A static key (page_reporting_host_zeroes) gates the fast path.
- Add PG_zeroed page flag (sharing PG_private bit) to mark pages
that have been zeroed by the host. Set it in
page_reporting_drain() after the host reports them.
- Thread the zeroed bool through rmqueue -> prep_new_page ->
post_alloc_hook, where it skips redundant zeroing for __GFP_ZERO
allocations.
No driver sets host_zeroes_pages yet; a follow-up patch to
virtio_balloon is needed to opt in.
Signed-off-by: Michael S. Tsirkin <mst@redhat.com>
Assisted-by: Claude:claude-opus-4-6
Assisted-by: cursor-agent:GPT-5.4-xhigh
---
include/linux/page-flags.h | 9 +++++
include/linux/page_reporting.h | 3 ++
mm/compaction.c | 6 ++--
mm/internal.h | 2 +-
mm/page_alloc.c | 66 +++++++++++++++++++++++-----------
mm/page_reporting.c | 14 +++++++-
mm/page_reporting.h | 12 +++++++
7 files changed, 87 insertions(+), 25 deletions(-)

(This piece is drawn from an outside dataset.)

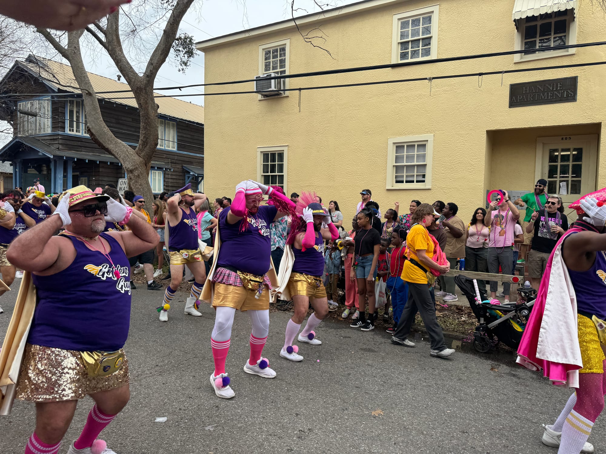 This year's parade featured floats adorned with conversation hearts and the neighborhood’s signature pink flamingos. The Golden Guys, an all-male dance troupe, performed in their signature LSU colors with pink socks and poms poms on their shoes. Street vendors hawked feather boas and glow sticks. People broke out their shiniest, pinkest and most provocative outfits for the parade.

diff --git a/include/linux/page-flags.h b/include/linux/page-flags.h
index f7a0e4af0c73..eef2499cba8b 100644
--- a/include/linux/page-flags.h
+++ b/include/linux/page-flags.h
@@ -135,6 +135,8 @@ enum pageflags {
PG_swapcache = PG_owner_priv_1, /* Swap page: swp_entry_t in private */
/* Some filesystems */
PG_checked = PG_owner_priv_1,
+ /* Page contents are known to be zero */
+ PG_zeroed = PG_private,
/*
* Depending on the way an anonymous folio can be mapped into a page
@@ -679,6 +681,13 @@ FOLIO_TEST_CLEAR_FLAG_FALSE(young)
FOLIO_FLAG_FALSE(idle)
#endif
+/*
+ * PageZeroed() tracks pages known to be zero. The allocator
+ * uses this to skip redundant zeroing in post_alloc_hook().
+ */
+__PAGEFLAG(Zeroed, zeroed, PF_NO_COMPOUND)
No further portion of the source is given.